本記事は広告・PRを含みます。この記事では、売掛金元帳の意味、書き方、記入例、得意先元帳や売掛帳との違いを整理します。税務・会計処理は事業形態や会計方針によって異なるため、申告・決算に使う場合は顧問税理士や会計士にも確認してください。
売掛金元帳とは、得意先ごとに売掛金の発生・入金・残高を管理する帳簿です。商品やサービスを提供して請求書を発行したあと、まだ入金されていない金額がいくら残っているかを、取引先別に追えるようにします。
会計ソフトでは自動で作られることも多いですが、意味を理解していないと「売上は立っているのに、どの請求が未入金かわからない」「総勘定元帳の売掛金残高と請求管理表が合わない」といった問題が起きます。
売掛金元帳は、税務のためだけでなく、入金漏れと資金繰り悪化を防ぐための管理表として見るのが実務では大切です。

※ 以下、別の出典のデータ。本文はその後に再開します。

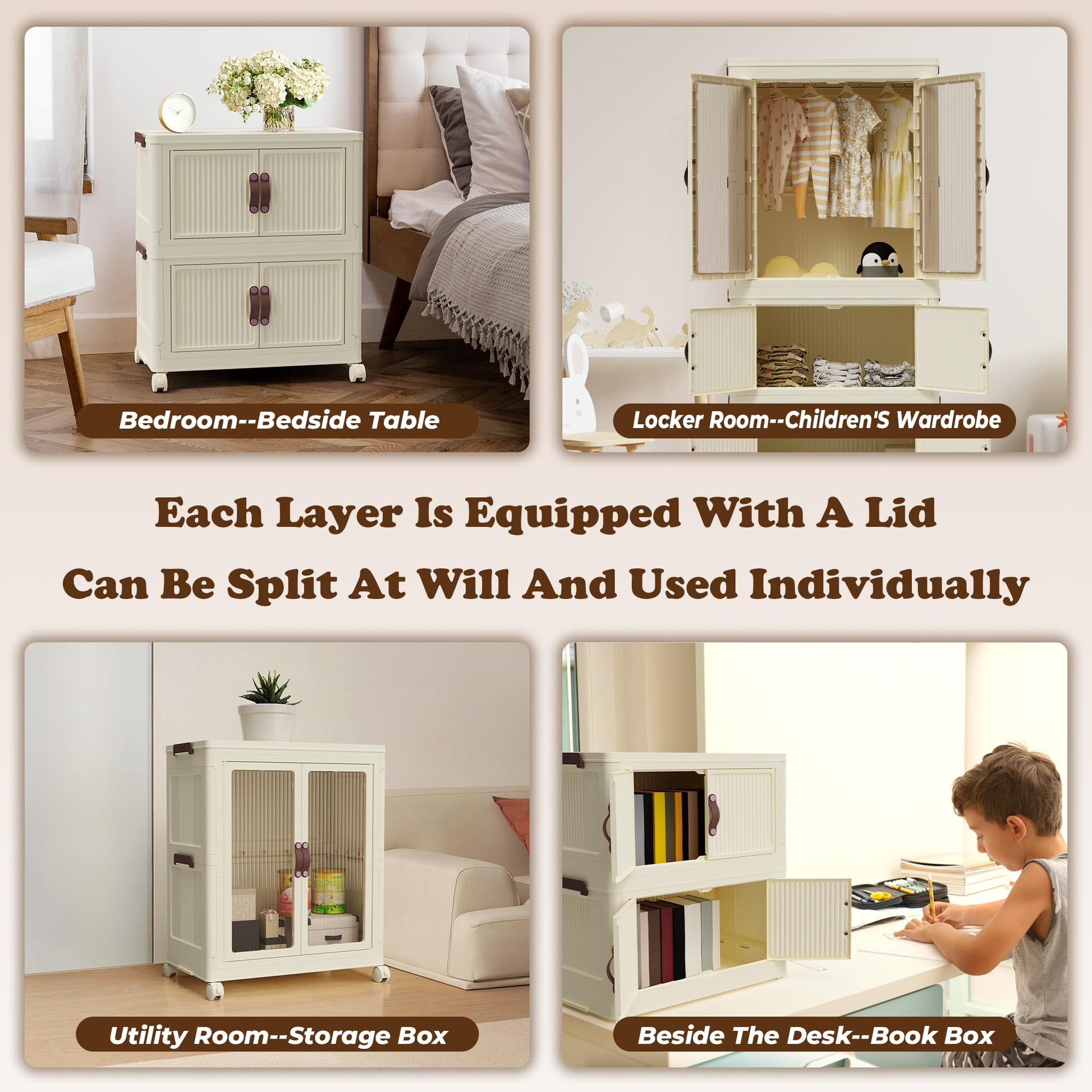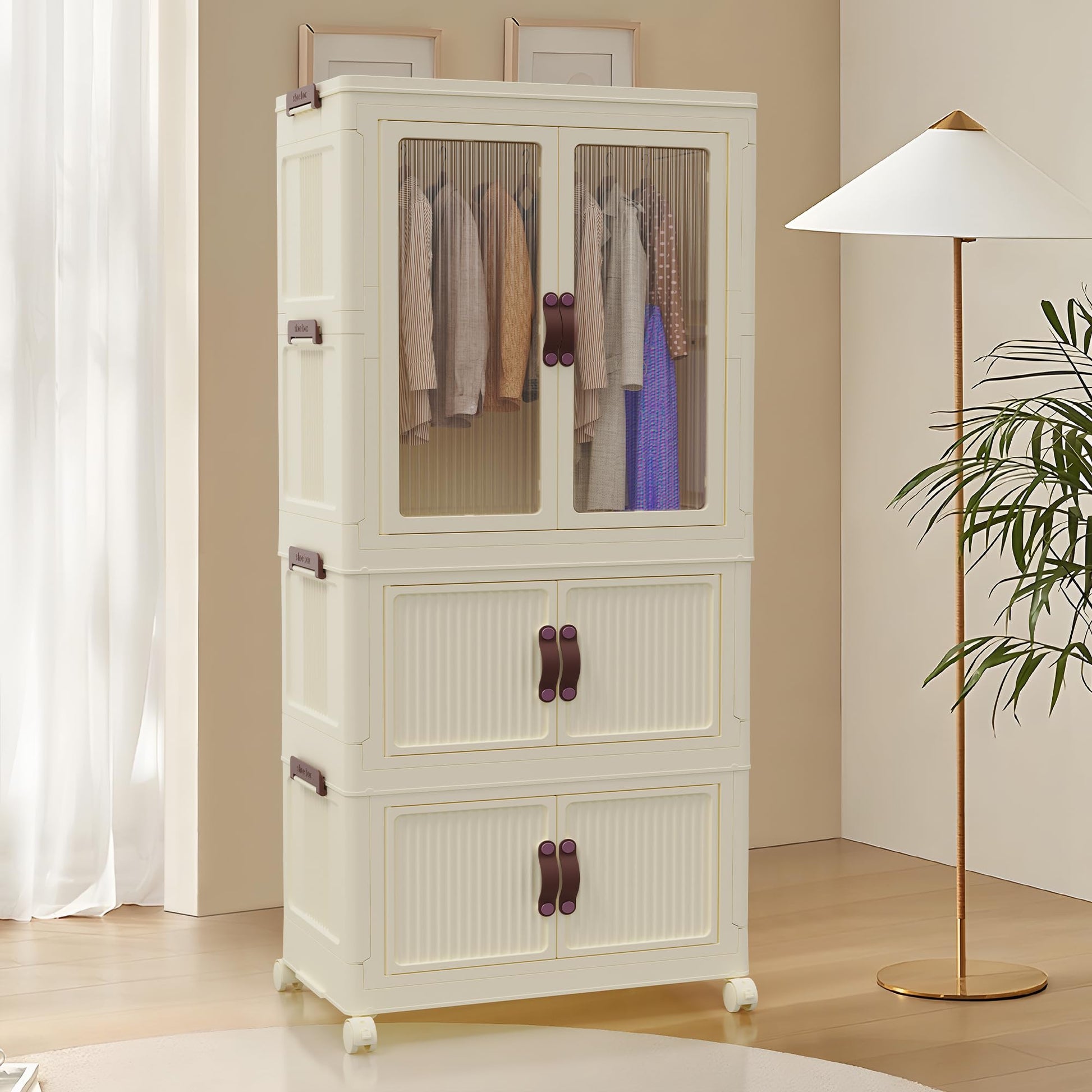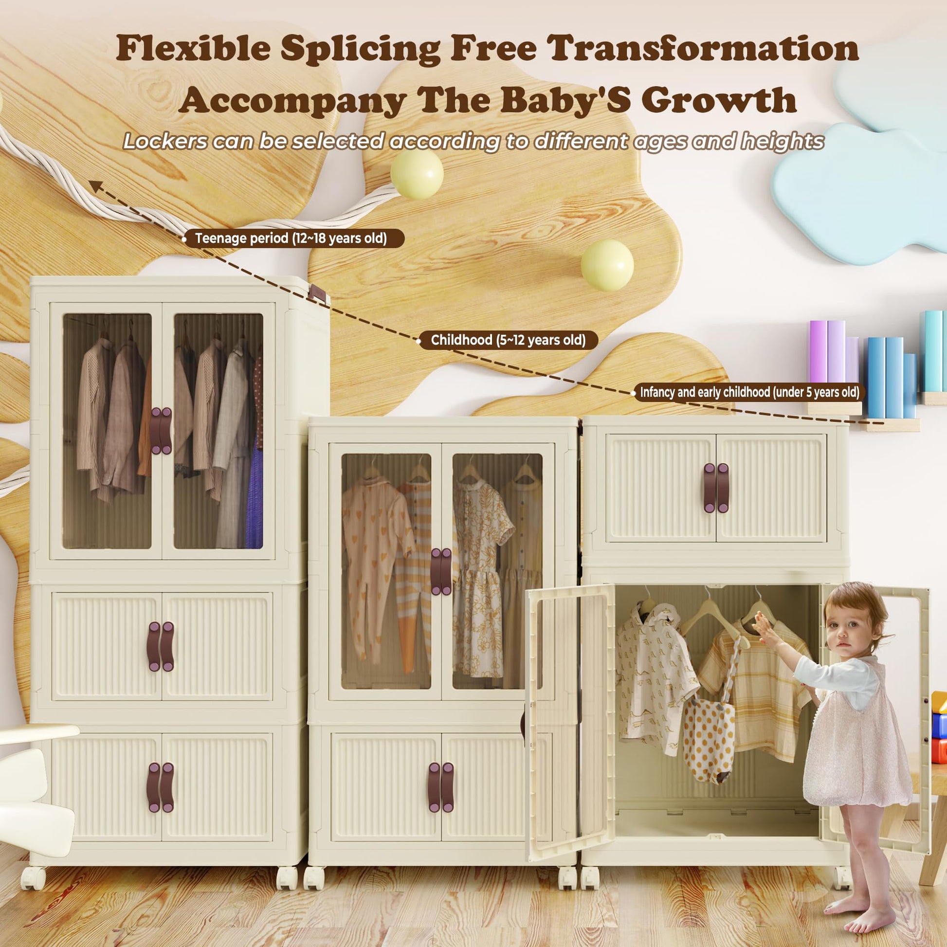 - đăEasy Install, Foldable And StackingăOur wardrobe closet with doors enables quick expansion and folding, which eases the installation and disassembly, without any assembly tools. You can stack it at different heights and use it as storage for according to the height of the toddler, making it easier for the toddler to access. When you don't need a portable closet, you can fold the wardrobe without taking up space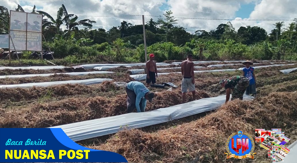 Personel Satgas TMMD 124 Kodim 1710/Mimika bersama warga dari Kelompok Tani (Poktan) “Noken Naena” melaksanakan pembersihan dan pemasangan Plastik Mulsa lahan ketahanan pangan untuk mengejar target tanam, bertempat di lokasi pembukaan lahan tidur di Kp. Nena Muktipura, Distrik Iwaka Kab. Mimika, Sabtu (24/05/2025).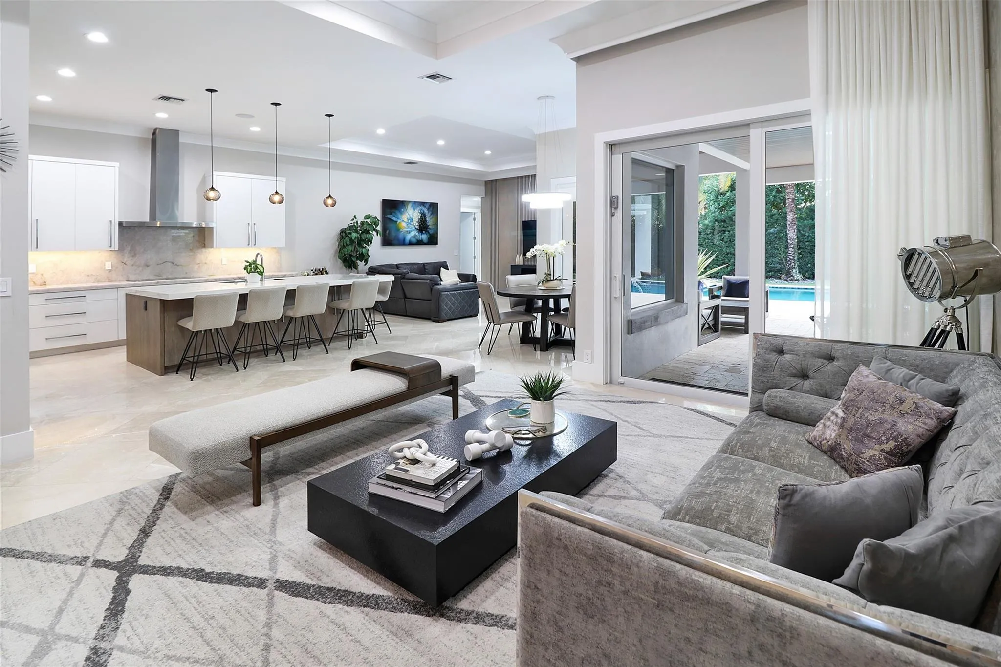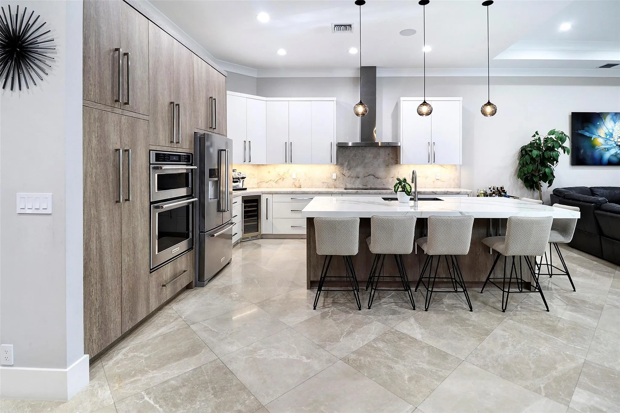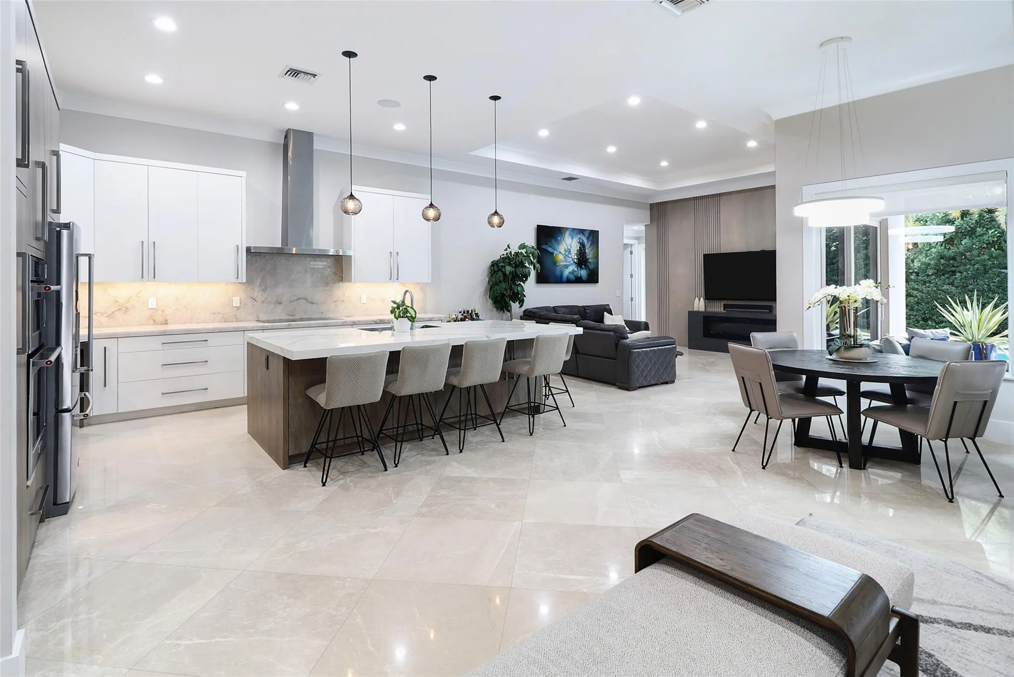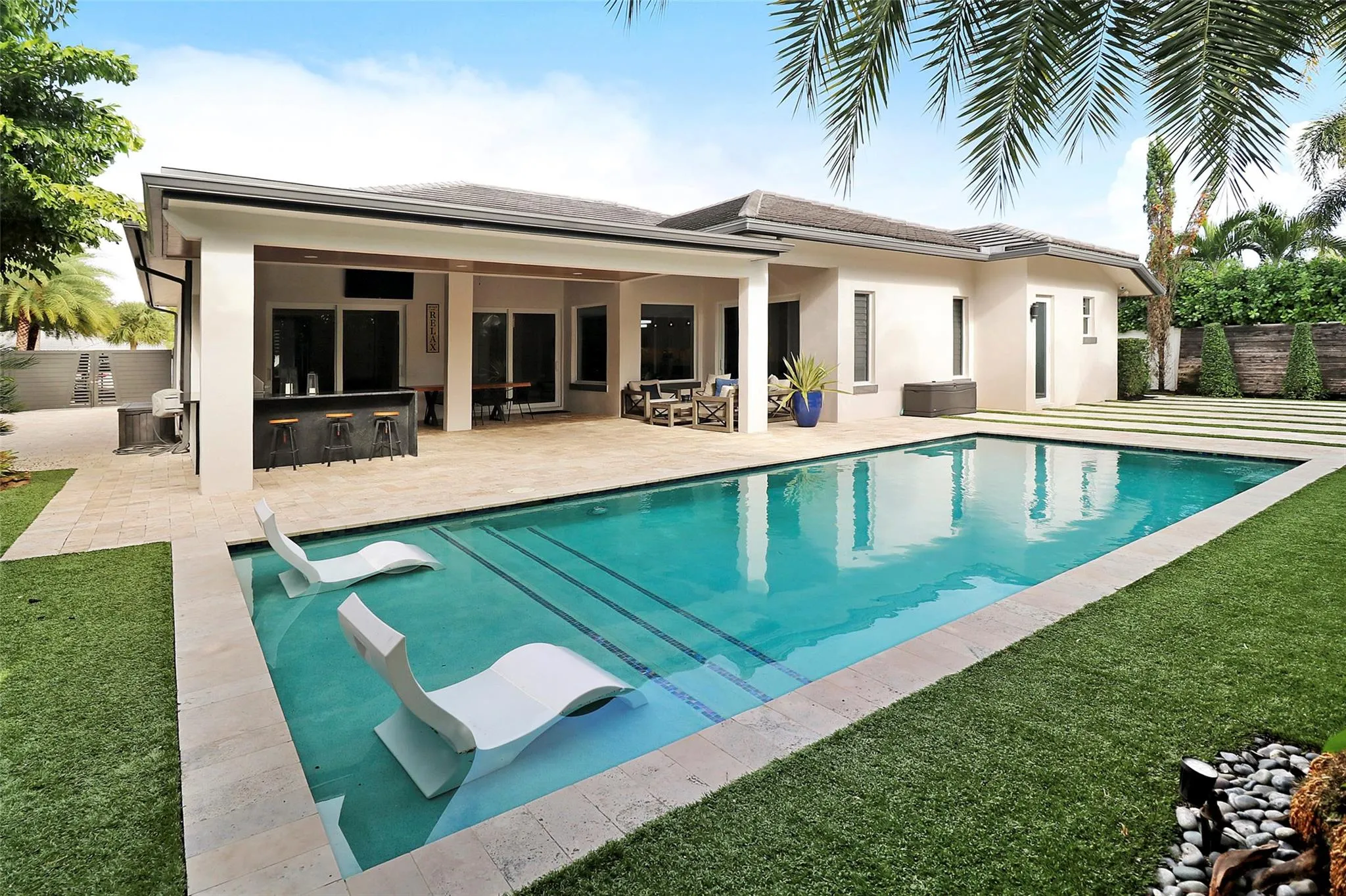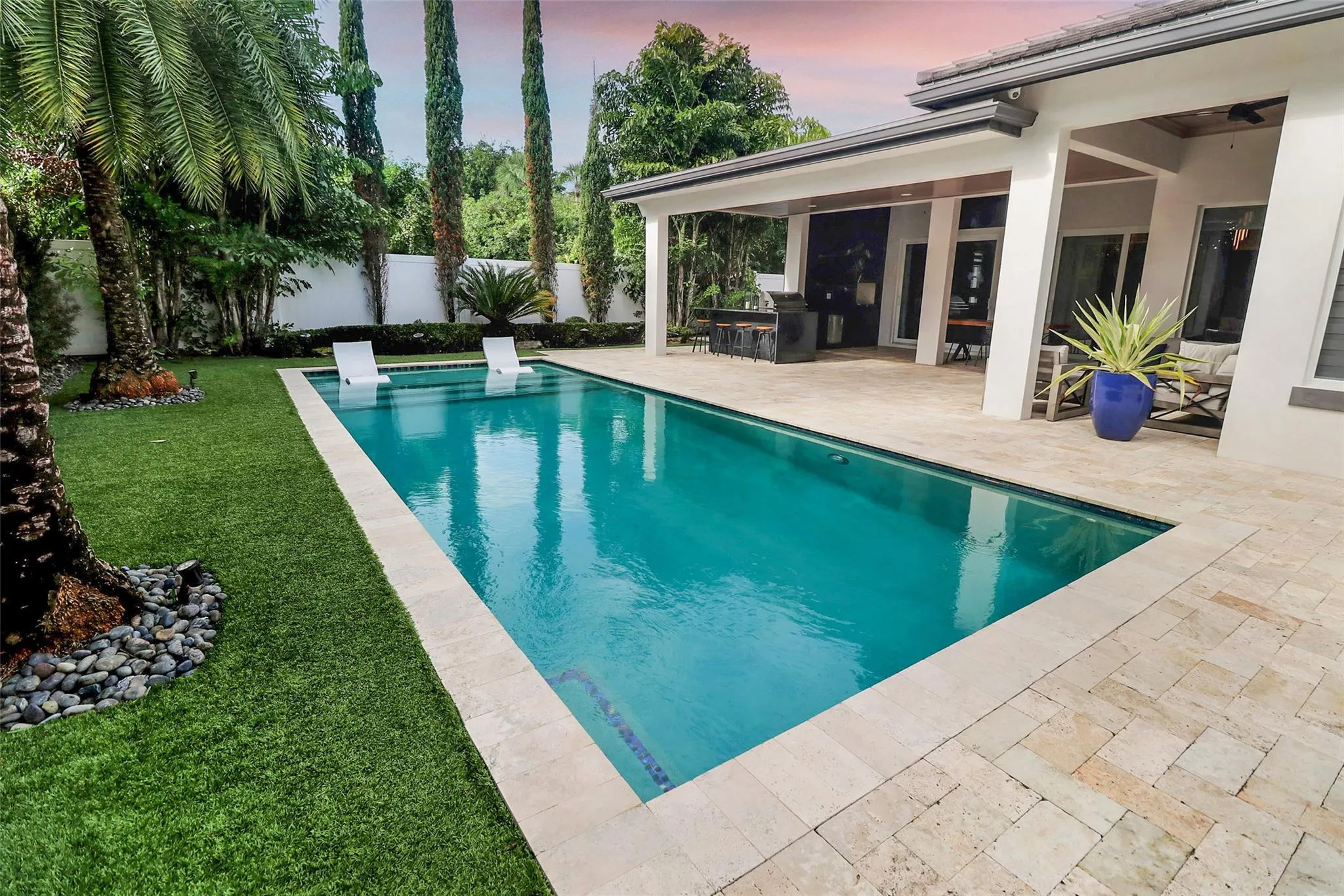 Discover unparalleled luxury in this custom-built residence, perfectly situated in East Boca Raton’s most desirable location. Meticulously crafted with premium upgrades—foam insulation, double-insulated walls, designer lighting, Sonos sound, and full security system. A chef’s kitchen showcases custom soft-close cabinetry, Crystallo stone surfaces, induction cooktop, KitchenAid appliances, and an elegant storage-rich island. The primary suite features a stunning Agatha stone accent wall and bespoke closets. Enjoy a resort-style outdoor oasis with a quartzite-clad summer kitchen, dual BBQs, travertine pavers, saltwater pool, custom shed, and PGT impact doors and windows.

私も創業初期は、売上表と入金予定表を別々に見ていて、どの請求が残っているのか分かりにくくなったことがあります。売掛金元帳の考え方で「得意先別・請求別・入金別」に見るだけで、回収漏れはかなり減らせます。
売掛金元帳とは
売掛金元帳は、売掛金を取引先別に管理するための補助簿です。売上が発生した日、請求金額、入金日、入金額、差引残高などを記録し、得意先ごとの未回収額を確認できるようにします。
| 項目 | 内容 |
|---|---|
| 管理するもの | 売掛金の発生、入金、残高 |
| 主な単位 | 得意先別、請求書別、取引日別 |
| 目的 | 未入金の把握、入金消し込み、残高確認 |
| 関連する帳簿 | 総勘定元帳、売掛帳、得意先元帳、請求管理表 |
売掛金そのものの意味を先に確認したい場合は、売掛金とは?仕訳・勘定科目から回収までで基本を整理できます。
売掛金は「売上済み・未入金」の金額
売掛金は、すでに売上として計上したものの、まだ代金を受け取っていない金額です。たとえば、6月30日に請求書を発行し、入金予定日が7月31日なら、入金されるまでの間は売掛金として残ります。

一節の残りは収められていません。